29 Ekim 1923; aziz milletimizin hür yaşama iradesini ve kendi kaderine sahip çıkma kararlılığını tüm dünyaya ilan ettiği kutlu bir tarihtir. Bir asır önce yedi düvele karşı verdiğimiz İstiklal Mücadelesi, yalnızca askerî bir başarı değil, milletimizin ruhunda kök salmış hürriyet aşkının en güçlü ifadesi olmuştur. Sultan Alparslan’ın Malazgirt’te açtığı kapıdan, Osmanlı’nın üç kıtaya hükmeden adalet anlayışına kadar uzanan bu tarih, 29 Ekim 1923’te Cumhuriyetle taçlanmıştır.
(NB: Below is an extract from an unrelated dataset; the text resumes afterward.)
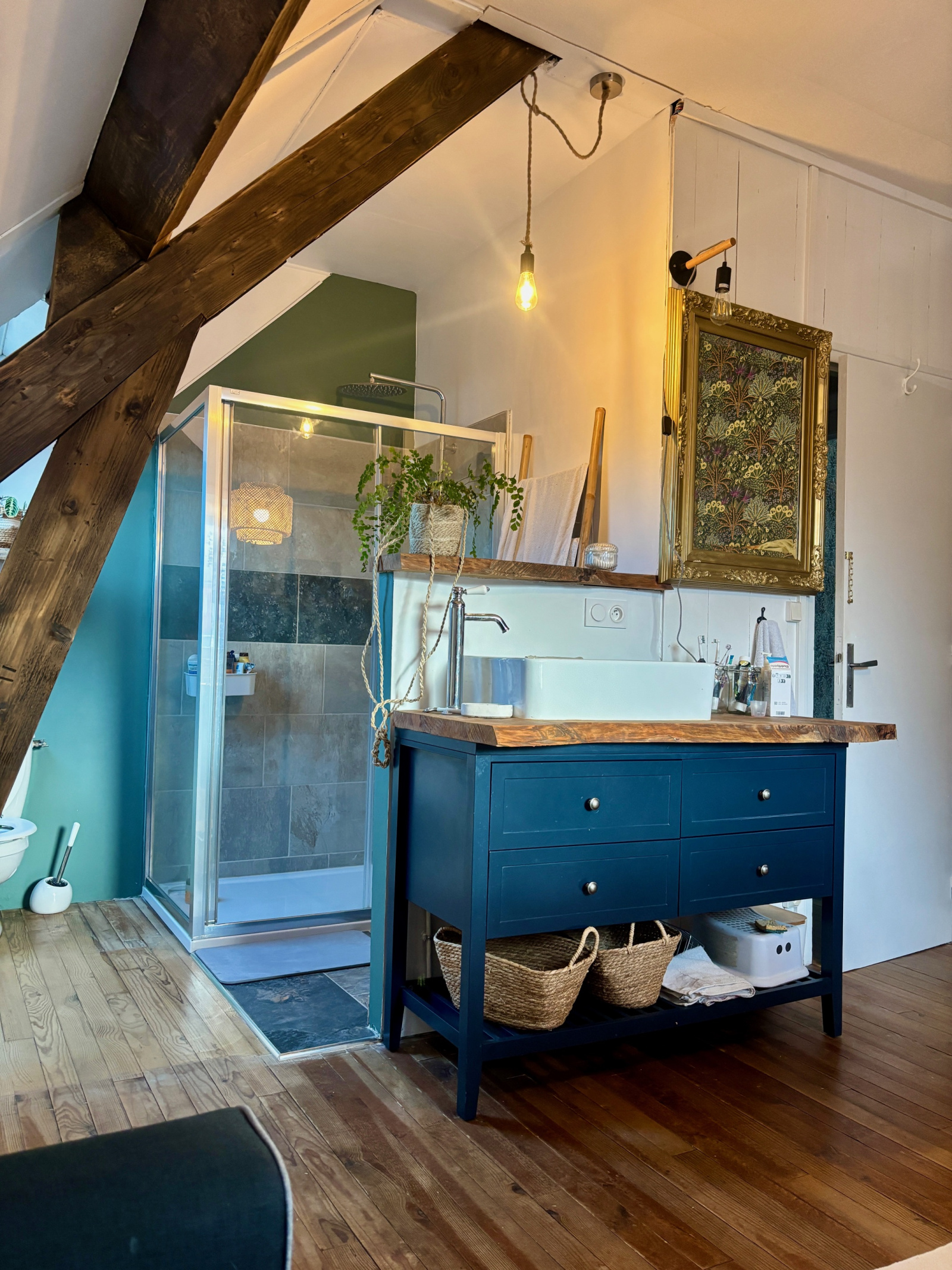 Vous découvrez une suite parentale confortable comprenant une salle d’eau moderne et un dressing intégré : un véritable espace intimiste et pratique.

Cumhuriyetimizin ilanı, sadece bir yönetim değişikliği değil, binlerce yıllık medeniyet mirasımızın yeniden inşası ve yükselişidir. Türk milleti, tarih boyunca emperyalist güçlerin boyunduruğu altına girmemiş, Kurtuluş Savaşı’nda da bu iradesini en güçlü şekilde ortaya koymuştur. Çanakkale’de verilen destansı mücadele, Sakarya’da gösterilen muazzam kahramanlık ve Büyük Taarruz’un zaferle taçlanan destanı 30 Ağustos, Cumhuriyetin sağlam temeller üzerine oturduğu tarihi adımlardır.
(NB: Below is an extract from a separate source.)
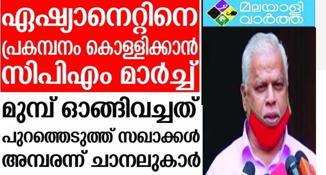 അത്രയ്ക്കായാല് പറ്റില്ല... ചാനല്ചര്ച്ച ബഹിഷ്ക്കരിച്ച് ഏഷ്യാനെറ്റിന്റെ റേറ്റിംഗ് ഇടിച്ച സംഭവത്തിന് പിന്നാലെ നേരിട്ട് ഏറ്റുമുട്ടാനൊരുങ്ങി സിപിഎം; ഇടതുപക്ഷത്തിനെതിരെ വ്യാജവാര്ത്തകള് സൃഷ്ടിക്കുന്നു എന്നാരോപിച്ച് ഏഷ്യാനെറ്റ് ഓഫീസിലേക്ക് മാര്ച്ച് നടത്തുന്നു

Bu süreçte; öne çıkan en önemli husus, Cumhuriyetimizin topyekûn milletin ortak mücadelesiyle vücut bulmasıdır. Bu özelliğiyle Cumhuriyet, köklü inanç ve değerlerimizle yoğrulmuş, yüce milletimizin kimliğini ve kültürünü muhafaza eden yeni bir dönemin başlangıcı olmuştur.
Bu duygu ve düşüncelerle, Cumhuriyetimizin kurucusu Gazi Mustafa Kemal Atatürk’e ve bağımsızlığımızın mimarı aziz şehitlerimize Cenab-ı Allah’tan rahmet diliyorum.
Cumhuriyetimizin 101. yılı kutlu olsun!